### [Instructions to follow]
From the listing below, retype exactly the line holding "9月3日(水)登校の様子 公開日 2025/09/03", the line holding "Εμπριμέ μπλούζα με κορδόνια", and the lines between them; skip everything else.

BEGIN Data provided

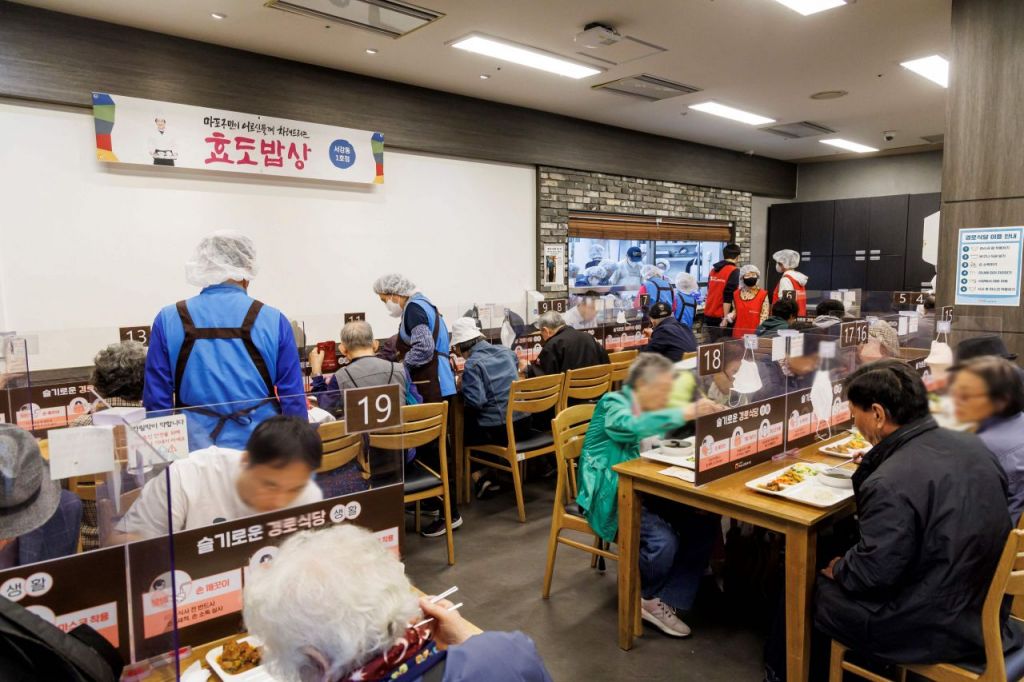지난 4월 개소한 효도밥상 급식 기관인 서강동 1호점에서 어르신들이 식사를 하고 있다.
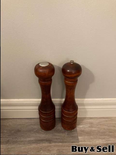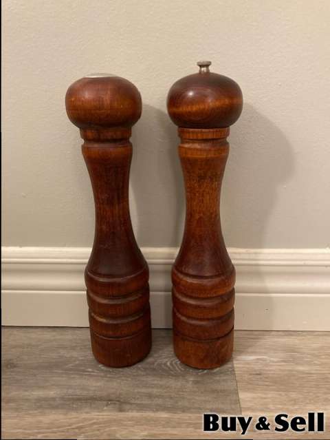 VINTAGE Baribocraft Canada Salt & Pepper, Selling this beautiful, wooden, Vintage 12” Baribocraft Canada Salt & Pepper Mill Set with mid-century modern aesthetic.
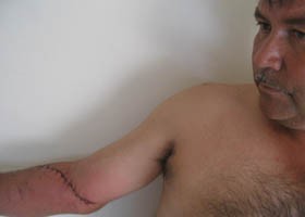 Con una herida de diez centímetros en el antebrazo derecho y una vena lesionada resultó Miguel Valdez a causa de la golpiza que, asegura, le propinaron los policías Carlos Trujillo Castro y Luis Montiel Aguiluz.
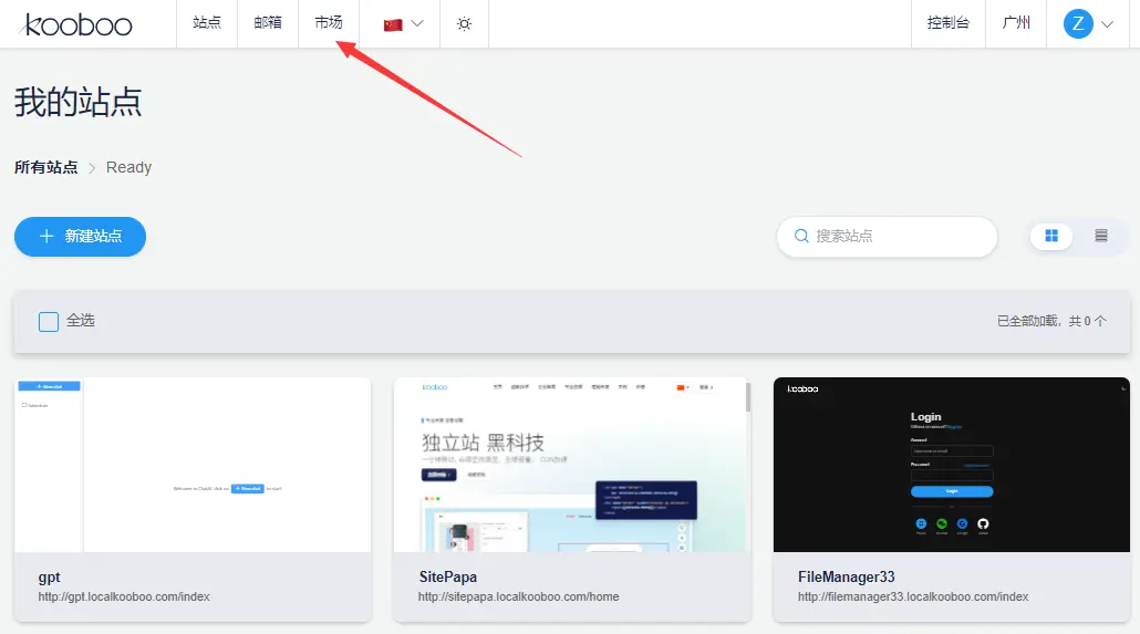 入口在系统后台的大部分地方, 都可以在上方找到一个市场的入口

END Data provided
BEGIN Data provided

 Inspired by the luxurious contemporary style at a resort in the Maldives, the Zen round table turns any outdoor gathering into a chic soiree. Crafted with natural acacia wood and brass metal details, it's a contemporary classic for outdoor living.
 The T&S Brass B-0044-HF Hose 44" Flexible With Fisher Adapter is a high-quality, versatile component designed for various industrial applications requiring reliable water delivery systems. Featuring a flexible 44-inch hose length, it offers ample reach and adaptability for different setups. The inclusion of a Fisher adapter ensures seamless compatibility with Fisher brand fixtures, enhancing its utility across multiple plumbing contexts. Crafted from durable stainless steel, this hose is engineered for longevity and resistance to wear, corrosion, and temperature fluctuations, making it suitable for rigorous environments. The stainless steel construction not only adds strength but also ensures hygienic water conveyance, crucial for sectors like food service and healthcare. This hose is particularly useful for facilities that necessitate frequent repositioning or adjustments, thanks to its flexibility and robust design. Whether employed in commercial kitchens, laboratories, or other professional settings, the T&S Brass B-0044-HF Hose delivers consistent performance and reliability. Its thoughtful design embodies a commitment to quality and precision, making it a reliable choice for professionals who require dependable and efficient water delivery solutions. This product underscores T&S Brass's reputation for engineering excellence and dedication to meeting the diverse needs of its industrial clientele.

END Data provided
BEGIN Data provided

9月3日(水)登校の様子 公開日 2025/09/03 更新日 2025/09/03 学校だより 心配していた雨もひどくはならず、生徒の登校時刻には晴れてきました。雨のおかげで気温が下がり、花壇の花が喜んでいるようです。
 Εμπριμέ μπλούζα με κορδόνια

END Data provided

### [Exercise solution]
9月3日(水)登校の様子 公開日 2025/09/03 更新日 2025/09/03 学校だより 心配していた雨もひどくはならず、生徒の登校時刻には晴れてきました。雨のおかげで気温が下がり、花壇の花が喜んでいるようです。
 Εμπριμέ μπλούζα με κορδόνια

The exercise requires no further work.